It was a rough upbringing. Vance’s book describes his mother as highly unstable, sometimes violent, and persistently addicted to prescription narcotics. His grandfather –Papaw, as he called – was frequently drunk, while his grandmother – Mamaw – was a “violent non-drunk” prone to unpleasant stunts such as dousing him in gasoline or serving him garbage on a plate.
In time, though, the pair stabilized their lives and became Vance’s legal guardians. As Vance describes it, they taught him that despite the violence in his childhood, and despite the discrimination he’d face coming from “hillbilly” stock, he’d need to take responsibility for digging himself out and making himself a happy life.
“We are the only group of people [other Americans] don’t have to be ashamed to look down upon,” Vance says his grandma once told him. Yet she also said: “Never be like these f***ing losers who think the deck is stacked against them.”
Vance finished high school and spent four years in the US Marine Corps, which he credits for much of his success. “[It] was basically a four-year education in character and self-management,” he told The American Conservative in 2016, describing how it helped him abandon his “learned helplessness” and believe in his capacity to do “difficult things”.
It was after graduating from Ohio State University in 2009 that Vance formed two relationships that would shape the rest of his life. At Yale Law School, he met his future wife, Usha Vance, an Indian-American from San Diego.
In San Francisco, where the couple moved in 2015, he met Peter Thiel – the prolific tech industry investor and arch-conservative who would later fund much of Vance’s campaign for the US Senate.
In 2017, having worked at Thiel’s firm for about two years, he joined another investment firm called Revolution LLC, where he was tasked with finding and backing promising start-ups from outside the sometimes insular San Francisco and New York City tech scenes.
Throughout his rise into the elite, however, Vance had been working on a book. At Yale he’d been encouraged to pursue the project by his professor Amy Chua, whose parenting memoir Battle Hymn of the Tiger Mother had been a smash hit in 2011.
Vance was skeptical. “Nobody wants to read about me,” he told Chua.
’The Trump whisperer’
Published at the height of the 2016 presidential campaign, Hillbilly Elegy was a huge success.
Despite not having been written with Trump in mind, Vance’s book was hailed across the political spectrum as a welcome explanation for the destabilizing crisis that appeared to be emanating from middle America as Trump continued his combative, outrageous and unexpected rise to power.
Conservative thought leader Rod Dreher called it “one of the best books I’ve ever read”, saying: “You cannot understand what’s happening now without first reading JD Vance.” The Washington Post called him “the voice of the Rust Belt” and “the Trump whisperer”. Vox called him “the reluctant interpreter of Trumpism.”
The subject of Vance’s book was the poverty and social decay of the Appalachian mountains. Vance had little patience for traditional conservatives who see no role for wider economic forces in those problems, and wrote scathingly of the elitism and bigotry of upper-class Americans towards his people.

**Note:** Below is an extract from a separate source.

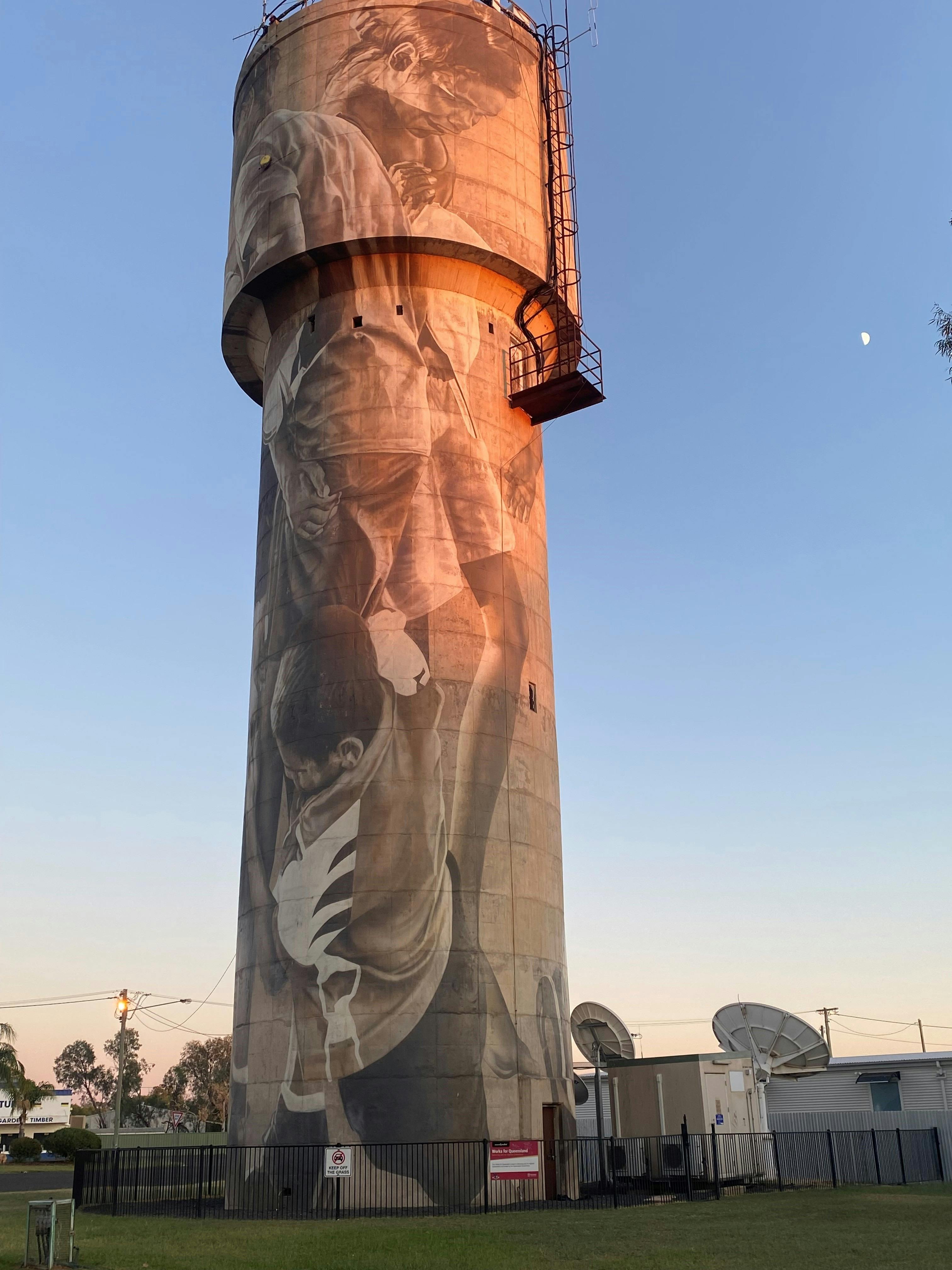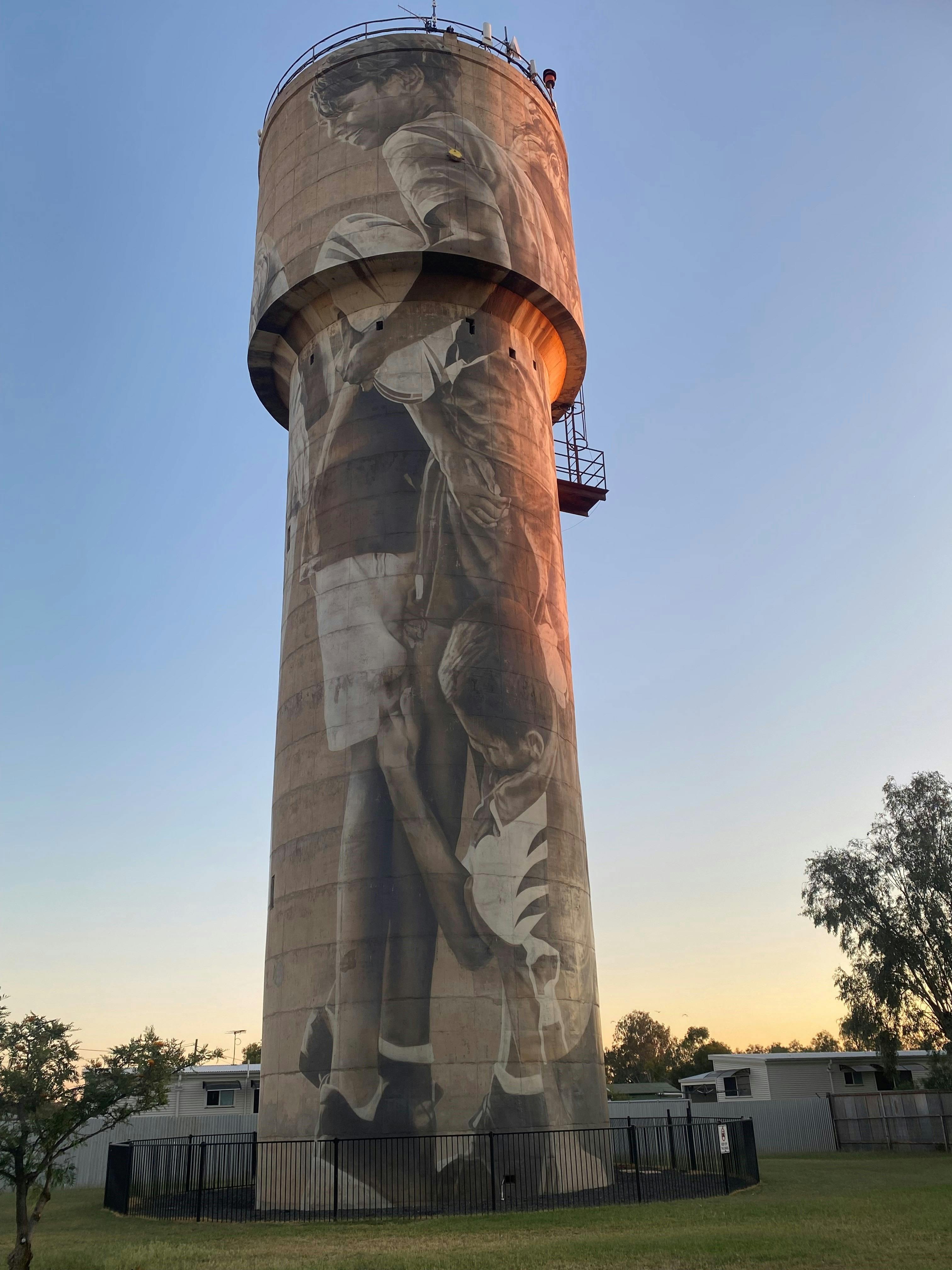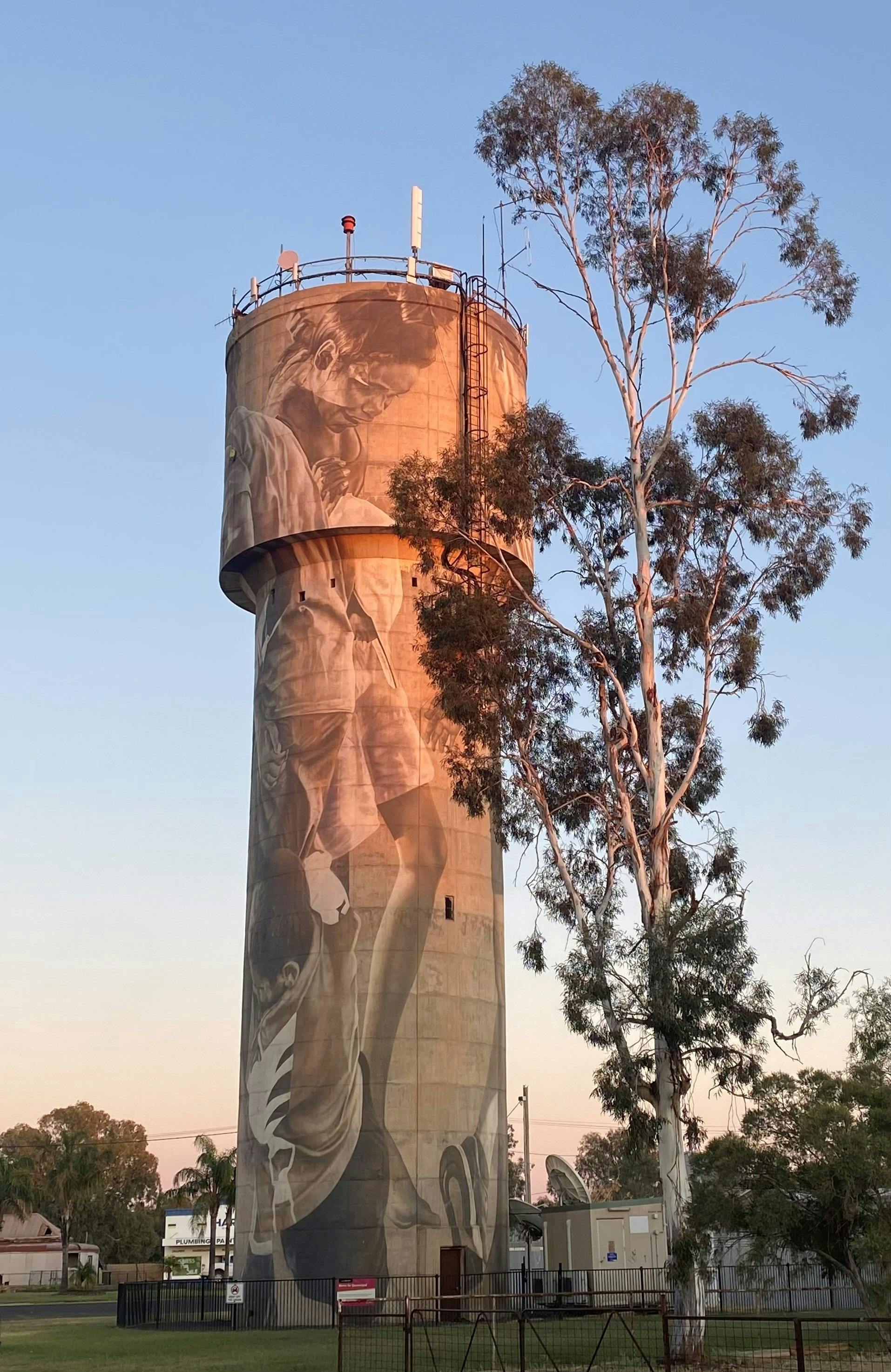 Its story is also based on the same theme as Charleville water tower. The children, it is said, are playing with their neighbours from Charleville, who are 200 kilometres away, they meet twice a year to contest a grand final.

But he also tore into what he saw as a culture of “learned helplessness,” arguing that working-class whites had shirked the duty of making wise choices because they believed their choices would not and could not matter.
“I once ran into an old acquaintance at a Middletown bar who told me that he had recently quit his job because he was sick of waking up early,” Vance wrote. “I later saw him complaining on Facebook about the ‘Obama economy’ and how it had affected his life…
“But for him to make better choices, he needs to live in an environment that forces him to ask tough questions about himself. There is a cultural movement in the white working class to blame problems on society or the government, and that movement gains adherents by the day.”
He would often cite the words of a teacher at his old high school, who told him: “They want us to be shepherds to these kids. But no one wants to talk about the fact that many of them are raised by wolves.”
It was a controversial thesis, with many left-wingers accusing him of blaming the poor for problems inflicted on them from above. The New Republic, a progressive magazine, labeled him a “false prophet” and his book “little more than a list of [right-wing] myths about ‘welfare queens’ repackaged as a primer on the white working class.”
Still, Vance made one other thing very clear – he thought Donald Trump was part of the problem.
“Trump’s promises are the needle in America’s collective vein,” he wrote in 2016, blasting the New York tycoon’s campaign as “cultural heroin” that offered an “easy escape” from “complex problems.”
In an interview with NPR, he said: “I can’t stomach Trump. I think that he’s noxious and is leading the white working class to a very dark place.”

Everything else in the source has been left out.